I fell into him putting my cheek on his shoulder so that the tears slowly soaked his shirt. He did nothing but hold me, which was all I could have asked of him. I must have fallen asleep like that. When I woke up I was under the covers and Edward was - wait where was Edward? I sat up and was startled to see him on the floor.

"What are you doing?" I hissed so as not to wake anyone else, throwing a pillow at him. He mumbled something that sounded very colorful before sitting up and turning towards me.

"I didn't want to leave you alone" he said simply. "Now if you'll excuse me I'm going to my room before anyone wakes up and finds me in here-that's one thing I'd rather not have to explain." then he grinned before slipping out the door. I sighed

Apov

I woke up this morning to hear whispers in the room next to me. Bella well that made sense-her room remember? But the other -Edward? Ok not gonna ask. I get up and decide to get ready for school. I look in my closet and put out a pair of pink skinny jeans and a neon orange mini shirt then a black sequin covered shirt. It'll annoy Rosalie.

I put the clothes on and look in the mirror I sometimes wished I would get over this whole insane clothes thing. I was just too afraid to be anything but that. My brain couldn't be rewired that easily. I really truly hated myself at times. From the way I hid to the way I looked. I just really hated it. I was good at being an actress. I could be any character in front of anyone any character but myself. I was afraid. I was afraid to be overly deep in public to let people in no one knew me. Not the real me I kept it too hidden.

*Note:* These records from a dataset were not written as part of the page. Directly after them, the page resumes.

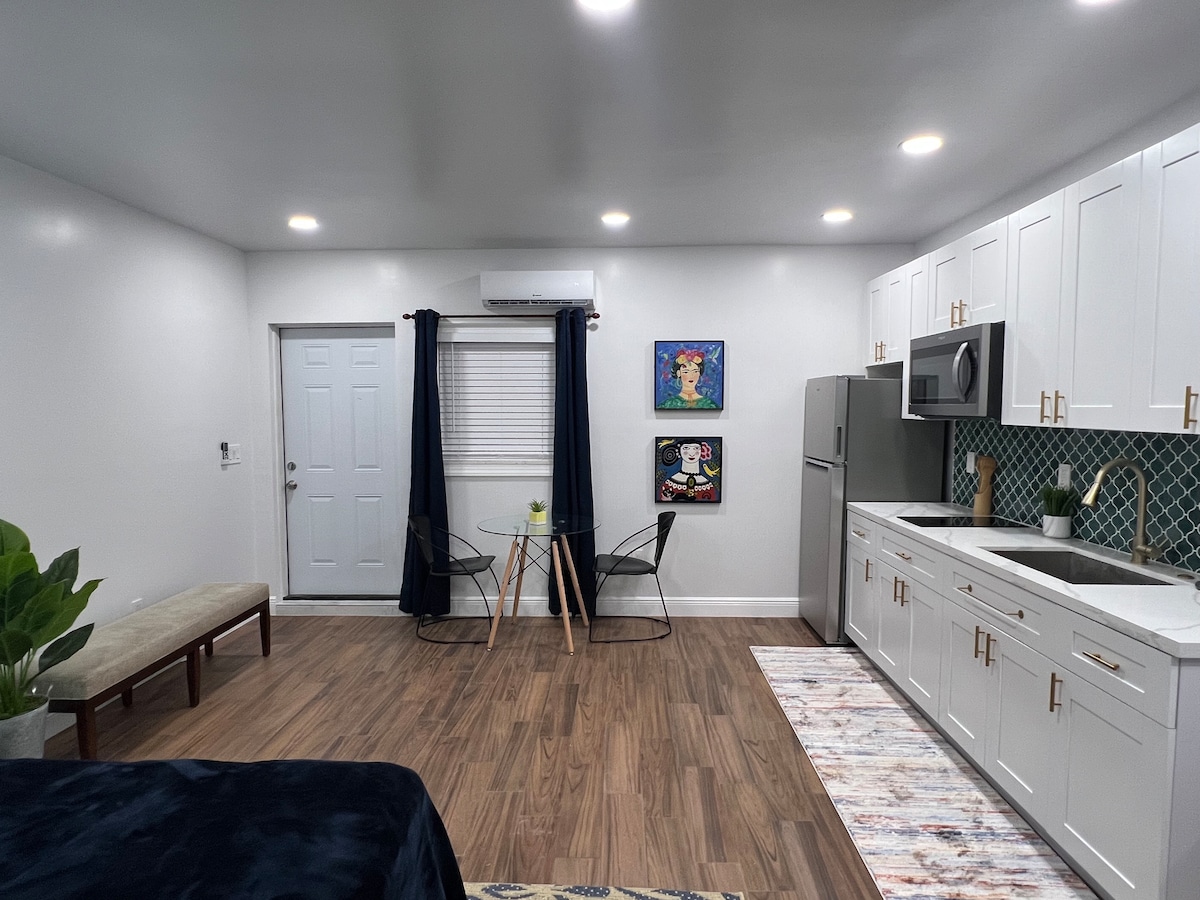 Recent renovat! Acest apartament are acum o baie, o bucătărie mică și o intrare privată. Poate fi folosit pentru vacanțe de muncă sau de familie. Acesta este situat ca o extensie a casei cu acces la casa principală. Camera are televizor de 55”în dormitor și televizor de 65” în living. De asemenea, vei avea acces la restul locuinței, care include masă de biliard, terasă cu grătar și facilități de spălătorie. Ești la 15 minute de mers cu mașina până la ocean. Oferim scaune, umbrelă și răcitor pentru plajă.
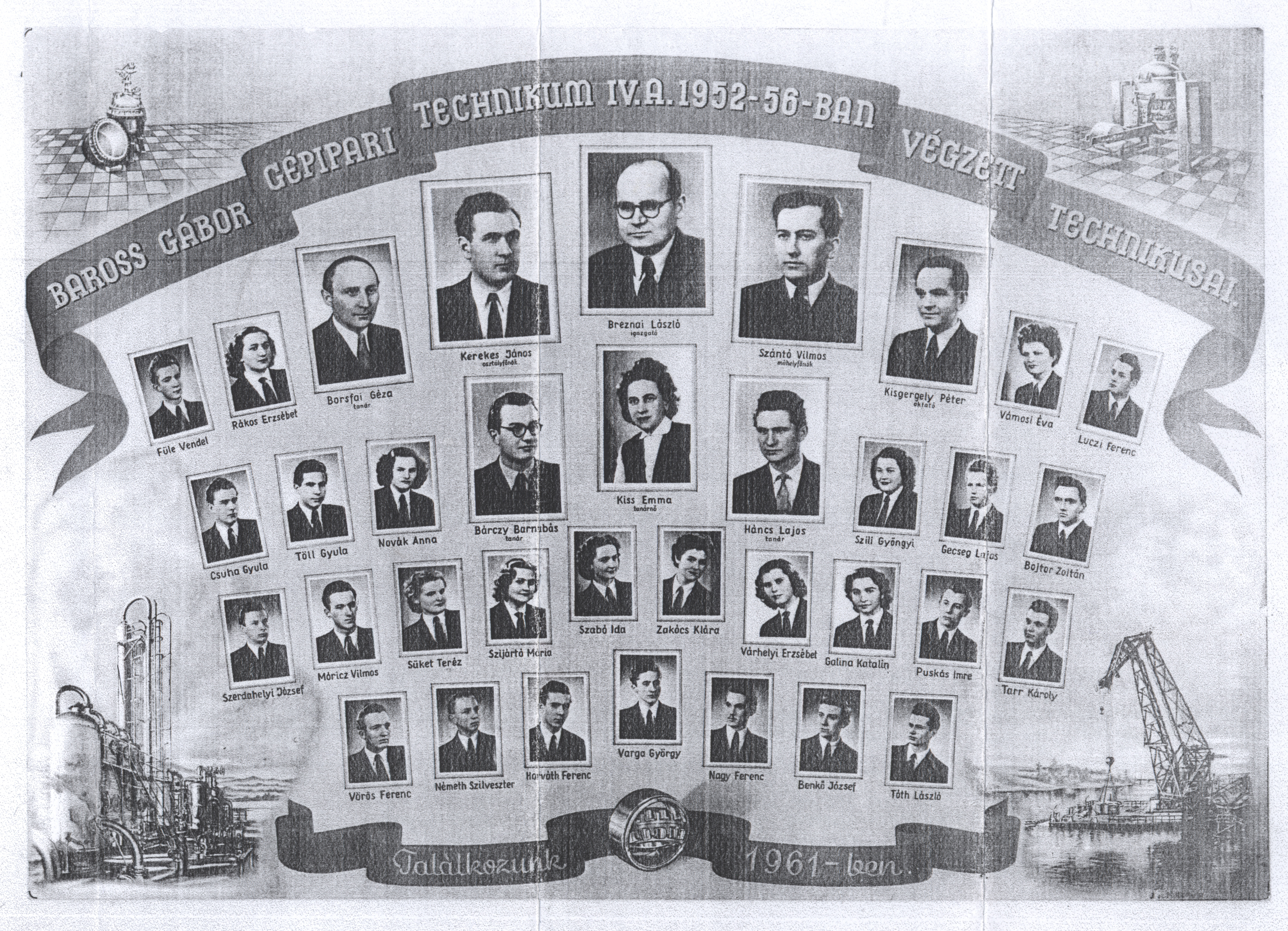 Nyilvános 1432 | 2573 | Baross Gábor Gépipari Technikum IV.A. 1952-56-ban végzett technikusai | Bárczy Barnabás tanár Borsfai Géza tanár Breznai László igazgató Háncs Lajos tanár Kerekes János osztályfőnök Kisgergely Péter oktató Kiss Emma tanárnő Szántó Vilmos műhelyfőnök Benkő József Bojtor Zoltán Csuha Gyula Füle Vendel Galina Katalin Gecseg Lajos Horváth Ferenc Luczi Ferenc Móricz Vilmos Nagy Ferenc Németh Szilveszter Novák Anna Puskás Imre Rákos Erzsébet Süket Teréz Szabó Ida Szerdahelyi József Szijártó Mária Szili Gyöngyi Tarr Károly Tóth László Töll Gyula Vámosi Éva Varga György Várhelyi Erzsébet Vörös Ferenc Zakócs Klára |
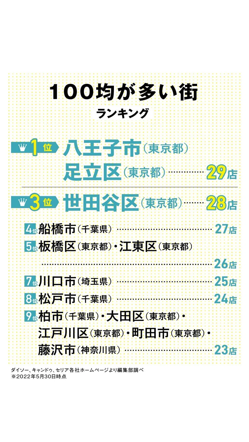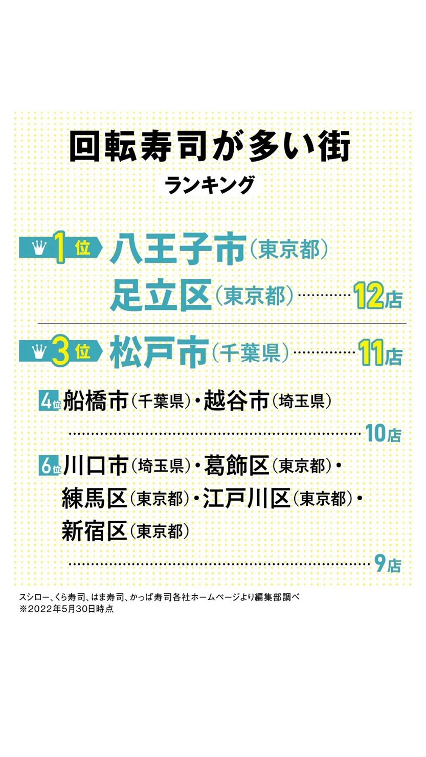 首都圏で「回転寿司が多い街ランキング」に「100均が多い街ランキング」…。
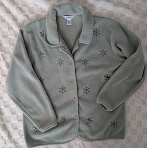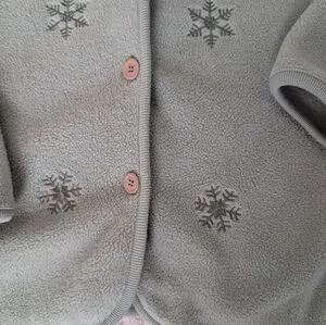 Cozy cardigan with snowflake pattern. Perfect for chilly days. Button closure for easy wear.

No one cared to look beneath the surface. Never. I looked once more at that cursed reflection then went downstairs. I did my morning routine. I ate like a good little poster child should. Complete breakfast and all that crap. No one was down in the kitchen with me but Jasper he didn't say anything though. I didn't either.

Then to continue on with my routine I went to the bathroom and well never mind. I wash out my mouth. I walk out of the bathroom. Jasper is standing by the door. He looks at me for a long moment then says.

"You do that everyday?". I stare at him for a long moment. I guess some do venture beneath the surface.

Bpov

I pulled up to school in my truck it was raining-not that I expected anything more really. I saw Alice pull up a few cars down and Edward pull in behind me. Rosalie made us all leave the house at different times, so we never arrived together. It was really starting to bug me. O well. I get out of my truck out into the rain.

Everything flew by in a blur until lunch. I was sitting at mine and Anges table. She wasn't here yet so I was sitting alone reading Speak by Laurie Halse Anderson(for the third time). I was at my favorite part again. I felt a smile tugging at my mouth when I heard a low cough. I looked up and was shocked to see Mike Newton.

He was grinning. I raised an eyebrow. "Yes?" I asked as patiently as I could.

"How you doing baby?" he asked. I looked at him for a long minute. I kind of wanted to vomit looking at his cocky face. After a moment I said the only thing that came to mind.

"Excuse me?" I said looking at him as though he was a piece of gum I was unfortunate enough to have on my shoe.

" Milk eh?" he asked picking up the milk carton on my tray that I hadn't yet touched due to my absorption in the book in my lap.

"What?" I asked confused.

"I'm a lot like milk you know" he continued.

"You don't say" I said sick of this guy by now- I just wanted to read my book and didn't feel like talking to him at the moment.

"Yeah I'll do your body good" he said wiggling his eyebrows. I then turned to see all of his friends including Edward holding back laughter that they now let out. Edward walked up behind Mike and gave him a high five. I glared at him and mouthed "traitor". Then I glared at Mike rolled my eyes picked up my book and walked out of the cafeteria.

That night Edward begged at my door for a full hour. But I either completely ignored him or shouted insults through the door. I was hurt and annoyed by his behavior. Yes I knew we couldn't show that we were friends but he didn't have to laugh with them or congratulate Mike in front of me like that.

I was mourning my parents at the moment and I didn't have time to worry about stupid things like innuendos and Edward Masen. I rolled my eyes as he continued with his strand of apologies. I lay on the bed with the jewelry in hand. I wasn't sure how I would be able to let them go had allowed myself to become attached. Bad idea.

'Edward?" I called.

"Yes?" he asked hope infused in his voice.

"Are you planning on leaving anytime soon? I'm getting a migraine." I heard a sigh, I rolled my eyes.

I try to pretend that it doesn't hurt me on the inside, that I'm just mad at him for what happened. But I'm actually hurt-deeply, deeply hurt. I thought that I maybe-possibly had a friend, or at least a potential friend but once again fate apparently isn't too crazy about my plans.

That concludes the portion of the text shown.